Tasso Wild

Personal information
- Full name: Tasso Wild
- Date of birth: 1 December 1940 (age 85)
- Place of birth: Germany
- Height: 1.82 m (6 ft 0 in)
- Position: Midfielder

Senior career*
- Years: Team / Apps / (Gls)
- 1959–1967: 1. FC Nürnberg / 153 / (55)
- 1967–1971: Hertha BSC / 110 / (16)
- Total:  / 263 / (71)

= Tasso Wild =

German footballer

Tasso Wild (born 1 December 1940) is a German former footballer who played as a midfielder for 1. FC Nürnberg and Hertha BSC.

== Career ==
Wild started his career with 1. FC Nürnberg. Between 1959 and 1963, he made 74 appearances for in the Oberliga Süd, scoring 37 goals, and won the German football championship with the club in 1961. He also scored the winning goal for Nürnberg in the final of the 1961–62 DFB-Pokal against Fortuna Düsseldorf. He made a further 79 appearances for the club in the Bundesliga between 1963 and 1967, scoring 18 goals.

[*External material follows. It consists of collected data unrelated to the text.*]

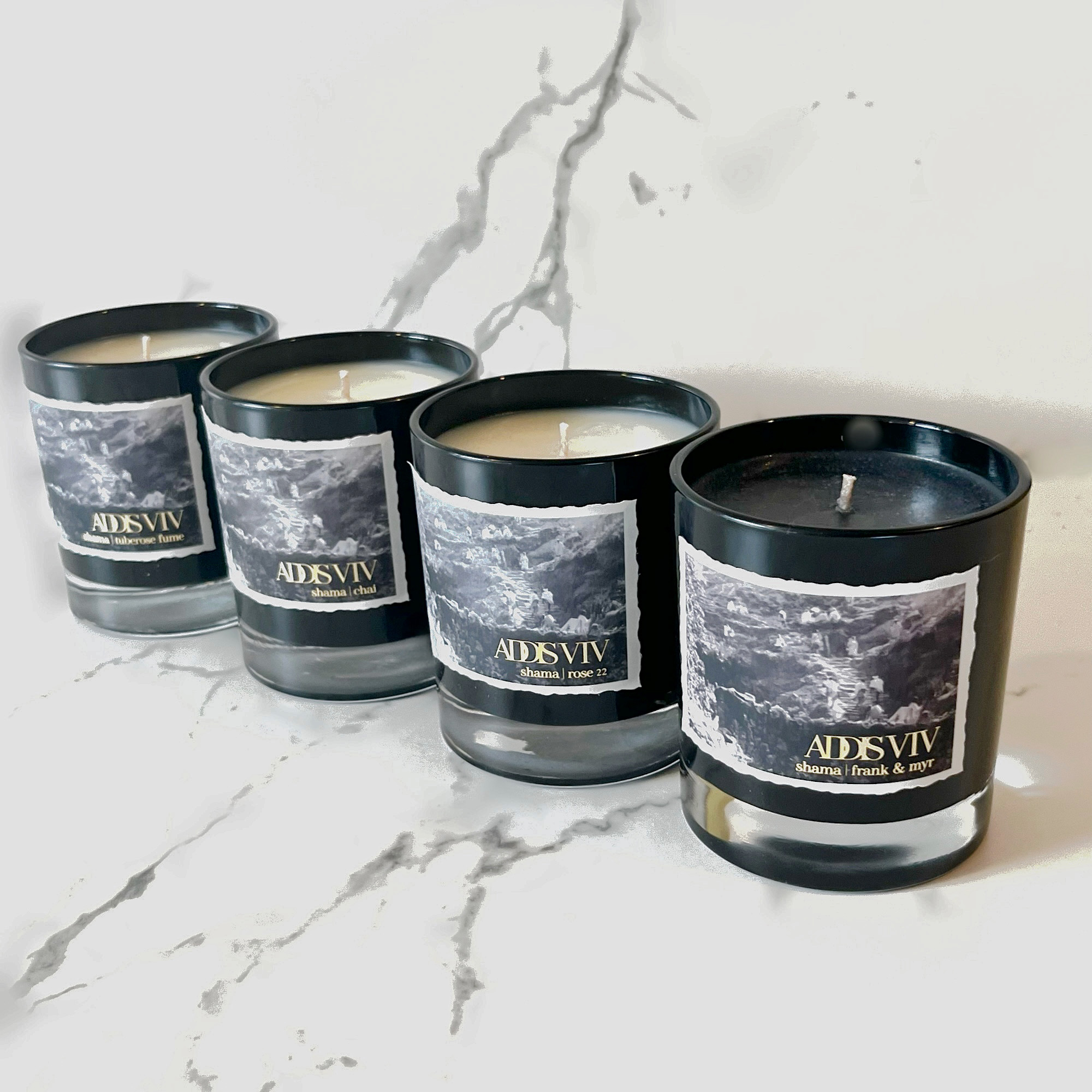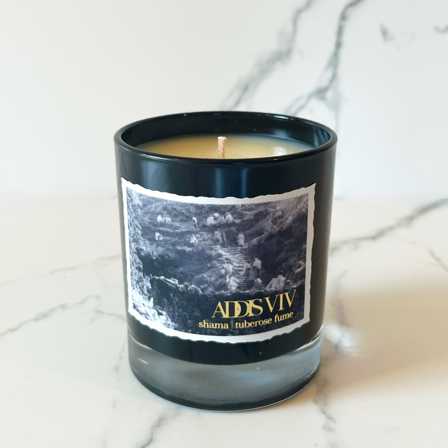 Dedicated to the memories of the past, these 8 oz organic coconut wax candles are contained in a beautiful, ebony tinted glass vessel adorned with a vintage Ethiopian photo. Please allow 7-10 business days for shipping.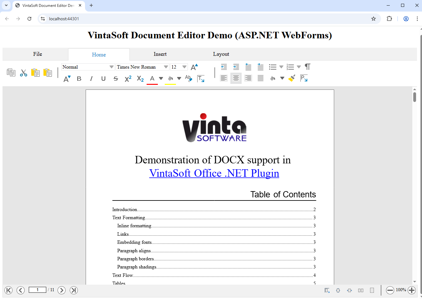<h1 style="text-align: center">VintaSoft Document Editor Demo (ASP.NET WebForms)</h1>
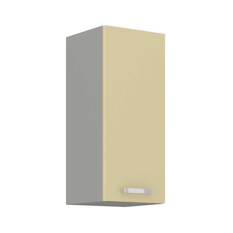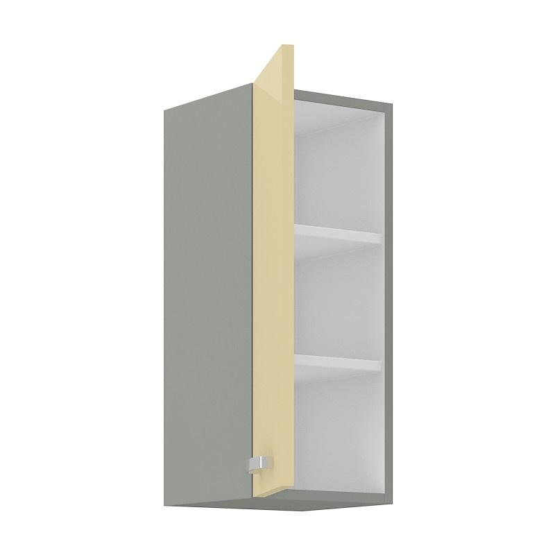 Horní kuchyňská skříňka je vyrobena z lamina tloušťky 16 mm lesklé krémové barvy. Korpus je v šedém provedení Dvířka mají lesklý kovový úchyt (délka 135 mm). Jsou vybavena systémem tichého zavírání a při montáži si můžete zvolit pravé či levé otevírání dveří. Vnitřek skříňky je v bílé barvě a obsahuje celkem dvě police, které Vám poskytnou dostatek místa k uskladnění všeho, co budete v kuchyni potřebovat. Nechte se inspirovat a poskládejte si z naší bohaté nabídky skříněk moderní a designovou kuchyň podle Vašich představ. Skříňka je dodávaná v demontu. Součástí je montážní plánek včetně všech potřebných spojovacích materiálů.
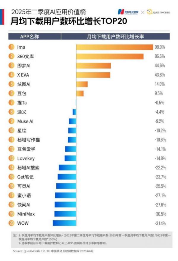 根据QuestMobile推出《2025年二季度AI应用价值榜》,DeepSeek月均下载量从第一季度惊人的8111.3万降至2258.9万,降幅高达72.2%。而和抖音生态深度绑定的豆包以2981.3万月均下载量领跑,曾经搭上DeepSeek便车一度IOS下载榜压过豆包的元宝,并未出现在月均下载用户环比增长TOP20榜单中。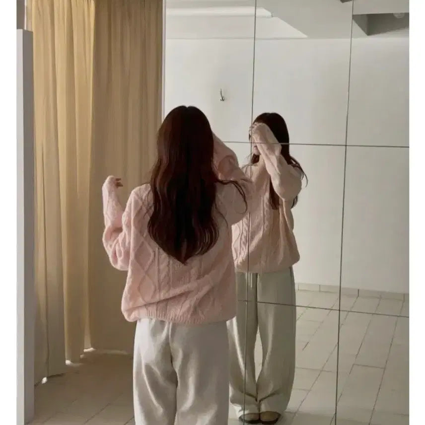 [BUNJANG] Libre Boat Neck Fisherman Cable Knit Sweater - Pink / [리브레] 보트넥 피셔맨 꽈배기 니트 : 핑크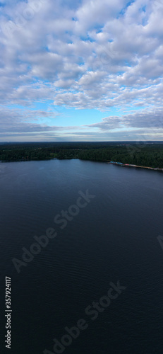 Fototapeta premium panoramic view of the river with floating boats and beautiful clouds shot from a drone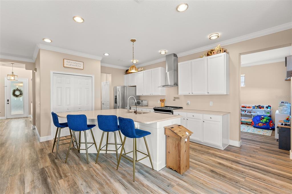 Wow look no more! this gorgeous 4 bedroom 2.5 bath 2 car garage home located in harmony on cat brier trail is a must see! you will fall in love with your oversized covered front porch with 3 newer fans and porch light installed. this home sits on a large lot with plenty of yard space in the back and on both sides of the breezeway for playing and outdoor fun! the home has luxury vinyl flooring installed throughout both the ground floor as well as the second floor. the bathrooms are tiled. all bedrooms are located upstairs. your first floor has a formal dining room, living room, family room, half bathroom, a large flex space off the kitchen that can be used as a bonus room/ play room, eating area and spacious kitchen. there is even an oversized downstairs bonus room. this home has lots of natural light and there’s plenty of room for everyone to enjoy one another and enjoy some privacy. your spacious kitchen has quartz countertops, and is equipped with an island plus lots of cabinets with pulls and stainless steel appliances. walking up the stairs there is a scenic landing with a window seat that is idyllic. the owner’s suite has updated vanity with pulls, granite countertops, newer sinks and faucets, jacuzzi tub and shower with a separate private commode. both your tub and shower have been retiled and shower has a new dual rain shower head and handle (2023). your upstairs hall bath has dual sinks with pulls, updated vanity lights, updated shower and floor tiles and a new shower head. the laundry closet is quite spacious and upstairs for convenience. the 2 car garage has alley access with a breezeway to the house with a new garage door (march 2022). new roof (2024). fenced in backyard (privacy fence 2023) with 3 gates. new irrigation system/sprinklers and setup (2024). the upstairs hvac unit is newer (october 2020 and handler 2021), downstairs hvac updated (april 2014 and handler july 2014). hvac and all vents, return, ducts, handlers cleaned (2023). screened-in back lanai and fan (2023) with freshly painted lanai floor (2024). newer hot water heater (march 2022). hook up location on the side of the house with concrete slab for a water softener and filtration system (2023). venetian window treatments (2023). new gutters with downspouts and leaf guards (2023). new exterior and interior lighting installed (2023). security cameras installed (2023). keyless lock pads on front, back, and door to garage (2023). fresh paint on the breezeway walkway (2024). this home is in close proximity to the lake amenities, sports fields, splash pad, and playgrounds! when you live in harmony, there are many amenities for you to enjoy including buck lake, community- owned boats, fishing pier, rocking chairs, bench swing, walking trails, dog parks, playgrounds, sand volleyball court, basketball courts, ping pong table, 2 community pools and a beautiful harmony preserve golf course. top rated schools- harmony community k-5, harmony middle school and harmony high.3308 CAT BRIER, HARMONY, FL 34773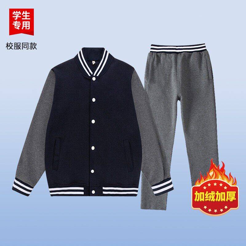 📚 伊顿校服中小学生校服春秋加绒棒球服藏青运动服纯棉上衣裤校服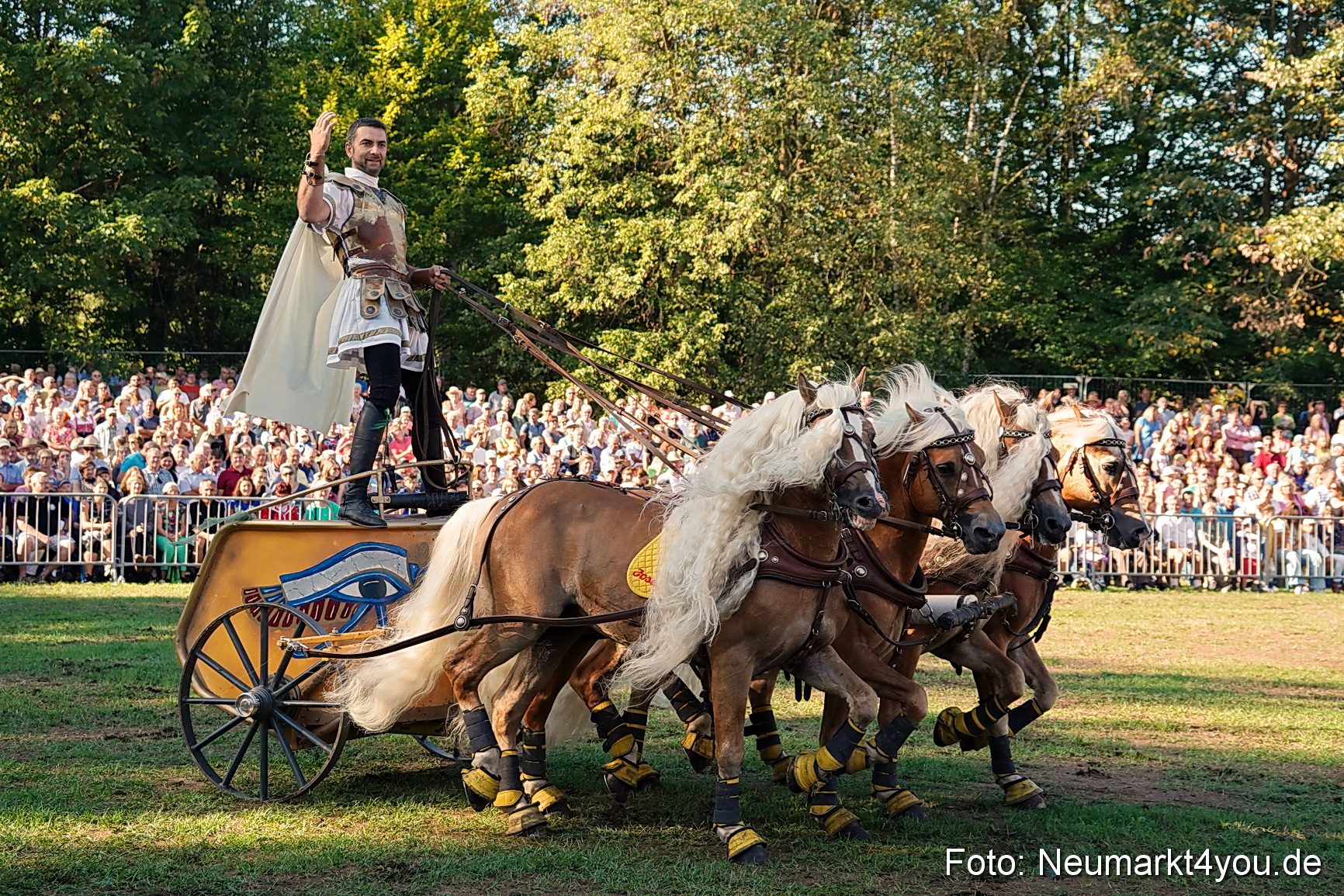 So spektakulär die Pferdeschau begann, ging es weiter und es folgte eine abwechslungsreiche Präsentation der Pferde. „Was wir da zu sehen bekamen, war eine mitreißende Show und eine Demonstration der Vielseitigkeit von Pferden“, so Neumarkts Oberbürgermeister Thumann. „In dieser Form ist das bayernweit nahezu einmalig. Bei uns sind alle Arten von Pferden in einem hervorragenden Programm zu sehen und es wird anschaulich gezeigt, zu was sie fähig sind.“ In dem gut zweistündigen Programm waren 117 Pferde zu bestaunen, darunter befanden sich 61 Kaltblüter. Insgesamt hatten 31 Pferdehalter ihre Tiere zur Schau gemeldet. Kutschen in verschiedensten Anspannungen bis hin zu 8- und 10-Spänner sowie Dressurvorführungen gab es ebenso zu erleben wie Einzelpferde, Reitvorführungen oder Ponys, sowohl freilaufende als auch Kutschen ziehende.

Wild was signed by Hertha BSC in 1967. He appeared 88 times for the club in the Bundesliga, scoring seven goals. In 1971, Wild was banned by the DFB from playing in German football for his involvement in the 1971 Bundesliga scandal. Although the ban was later lifted, Wild did not return to professional football.

After retiring, Wild served briefly as vice-chairman at 1. FC Nürnberg.